We investigated the relationship of TMAO levels with incident cardiovascular risks among sequential patients presenting with ACS in two independent cohorts. In the Cleveland Cohort, comprised of sequential subjects (n = 530) presenting to the Emergency Department (ED) with chest pain of suspected cardiac origin, an elevated plasma TMAO level at presentation was independently associated with risk of major adverse cardiac events (MACE, including myocardial infarction, stroke, need for revascularization, or death) over the ensuing 30-day (4th quartile (Q4) adjusted odds ratio (OR) 6.30, 95% confidence interval (CI), 1.89-21.0, P < 0.01) and 6-month (Q4 adjusted OR 5.65, 95%CI, 1.91-16.7; P < 0.01) intervals. TMAO levels were also a significant predictor of the long term (7-year) mortality (Q4 adjusted HR 1.81, 95%CI, 1.04-3.15; P < 0.05). Interestingly, TMAO level at initial presentation predicted risk of incident MACE over the near-term (30 days and 6 months) even among subjects who were initially negative for troponin T (< 0.1 ng/mL) (30 days, Q4 adjusted OR 5.83, 95%CI, 1.79-19.03; P < 0.01). The prognostic value of TMAO was also assessed in an independent multicentre Swiss Cohort of ACS patients (n = 1683) who underwent coronary angiography. Trimethylamine N-oxide again predicted enhanced MACE risk (1-year) (adjusted Q4 hazard ratios: 1.57, 95% CI, 1.03-2.41; P <0.05).
Plasma TMAO levels among patients presenting with chest pain predict both near- and long-term risks of incident cardiovascular events, and may thus provide clinical utility in risk stratification among subjects presenting with suspected ACS.

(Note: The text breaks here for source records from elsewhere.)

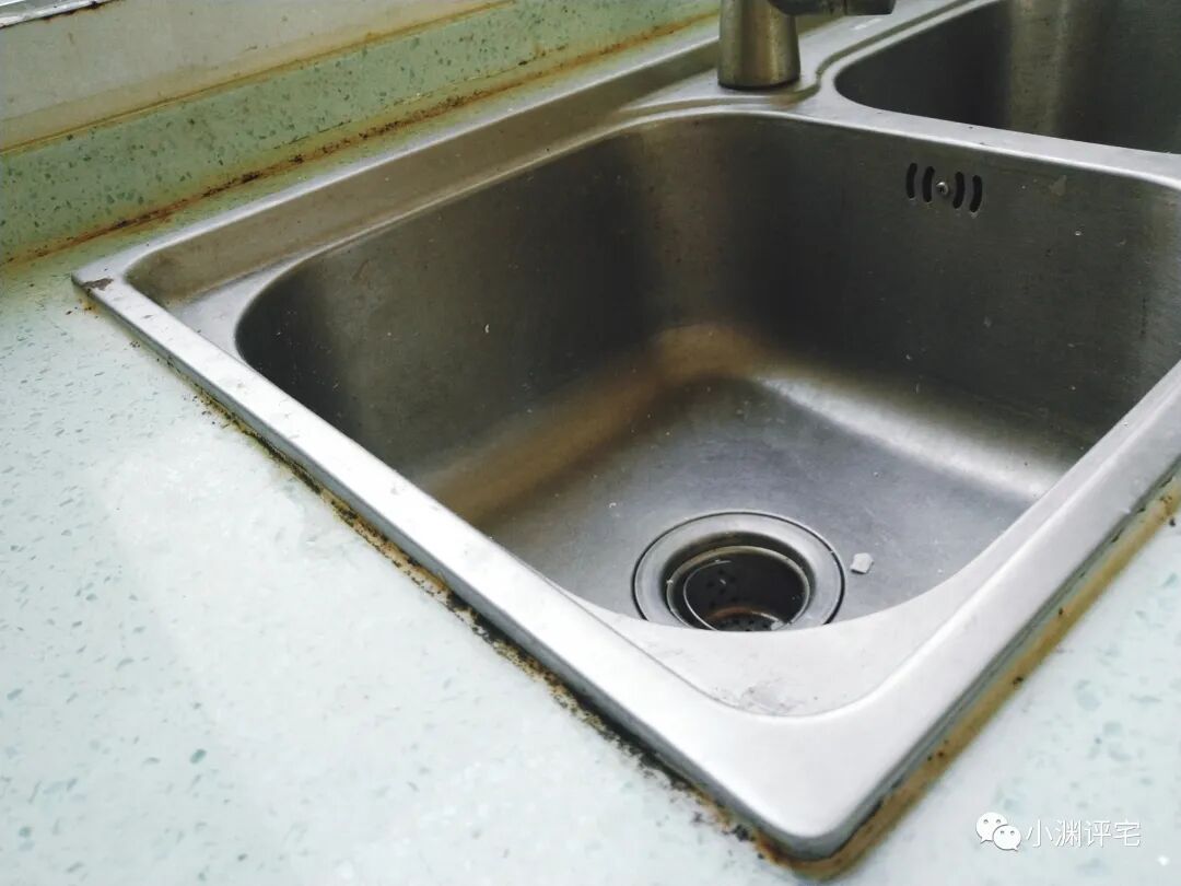 时间久了,玻璃胶就会变黄、发霉。台面上的垃圾、水渍,也没法直接扫进水槽里。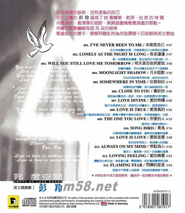 價格為估,以實到貨為準! 羚度空間(m58.net) 久違了的一張 彭羚 "羚度空間" 英文專輯 初生之犢的 彭 羚 展現了她最簡單、乾凈、自然的特質; 用最清亮、最渾厚的唱腔,娓娓道盡情歌最深處的感動。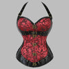 Steampunk-punainen brokaattikorsetti mustilla nahkayksityiskohdilla ja soljilla, koko XXL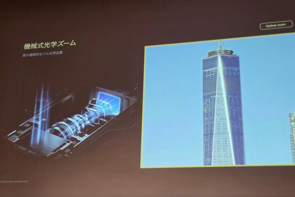 他社製品、日本市場においてはGalaxy S UltraシリーズやXperia 1シリーズなどのハイエンドモデルに搭載されてる望遠カメラに対し、機械式ズームは大きなアドバンテージともいえるでしょう。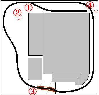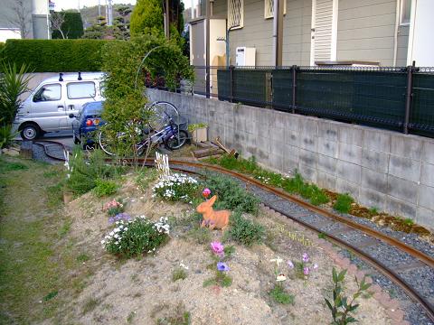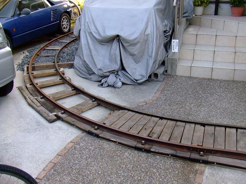 明野軽便鉄道 こちらでは明野軽便鉄道の路線をご紹介します。 (一部不十分ですがご了承ください) ▲ 明野軽便鉄道の路線図です。 走行順路は@→A→B→C→@が基本です。 @ ▲ 明野軽便鉄道のポイントです。 桜谷軽便鉄道のものとは大変異なります。 A ▲ ここがお庭から自動車の隙間を通って玄関にいくところのカーブです。 B ▲ 玄関前です。 線路でけつまづくことがないようにされています。 C ▲勾配を上りながら家との隙間を走っていきます。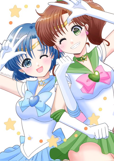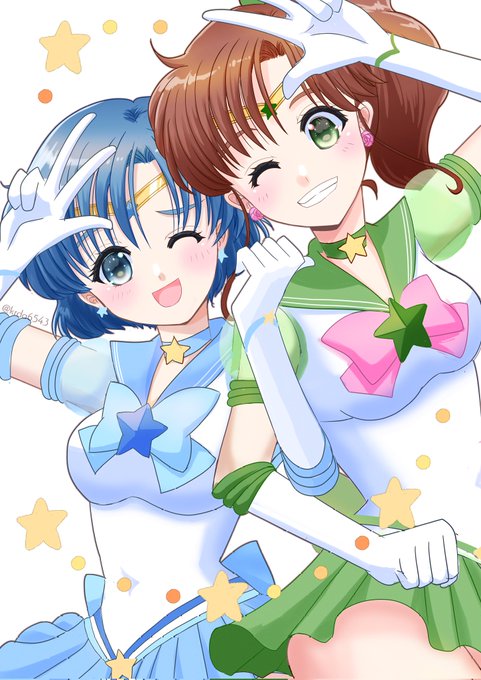 遅くなりましたが今週も参加させてください!!✋😇 スーパーセーラーマーキュリー!!💙💙💙 そして、 スーパーセーラージュピター!!💚💚💚 いよいよ公開間近ですね!!🌟😊🌟 #セラムンイラスト部週ドロ #セラムンイラスト部

氧化三甲胺(TMAO)是一种由肠道微生物群对含三甲胺(TMA)的膳食营养素(如胆碱或肉碱)进行代谢产生的促动脉粥样硬化和促血栓形成代谢物,其全身水平可预测稳定的一级和二级预防患者发生心血管事件的风险。然而,TMAO在急性冠状动脉综合征(ACS)中的预后价值仍不清楚。
我们在两个独立队列中研究了TMAO水平与ACS连续患者发生心血管风险之间的关系。在克利夫兰队列中,由因疑似心脏源性胸痛就诊于急诊科(ED)的连续受试者(n = 530)组成,就诊时血浆TMAO水平升高与随后30天(第四四分位数(Q4)调整优势比(OR)6.30,95%置信区间(CI),1.89 - 21.0,P < 0.01)和6个月(Q4调整OR 5.65,95%CI,1.91 - 16.7;P < 0.01)期间发生主要不良心脏事件(MACE,包括心肌梗死、中风、血管重建需求或死亡)的风险独立相关。TMAO水平也是长期(7年)死亡率的显著预测因子(Q4调整风险比1.81,95%CI,1.04 - 3.15;P < 0.05)。有趣的是,即使在最初肌钙蛋白T阴性(< 0.1 ng/mL)的受试者中,初始就诊时的TMAO水平也能预测近期(30天和6个月)发生MACE的风险(30天,Q4调整OR 5.83,95%CI,1.79 - 19.03;P < 0.01)。还在一个接受冠状动脉造影的独立多中心瑞士ACS患者队列(n = 1683)中评估了TMAO的预后价值。氧化三甲胺再次预测MACE风险增加(1年)(调整后的Q4风险比:1.57,95%CI,1.03 - 2.41;P < 0.05)。
胸痛患者的血浆TMAO水平可预测心血管事件发生的近期和长期风险,因此可能在疑似ACS患者的风险分层中提供临床应用价值。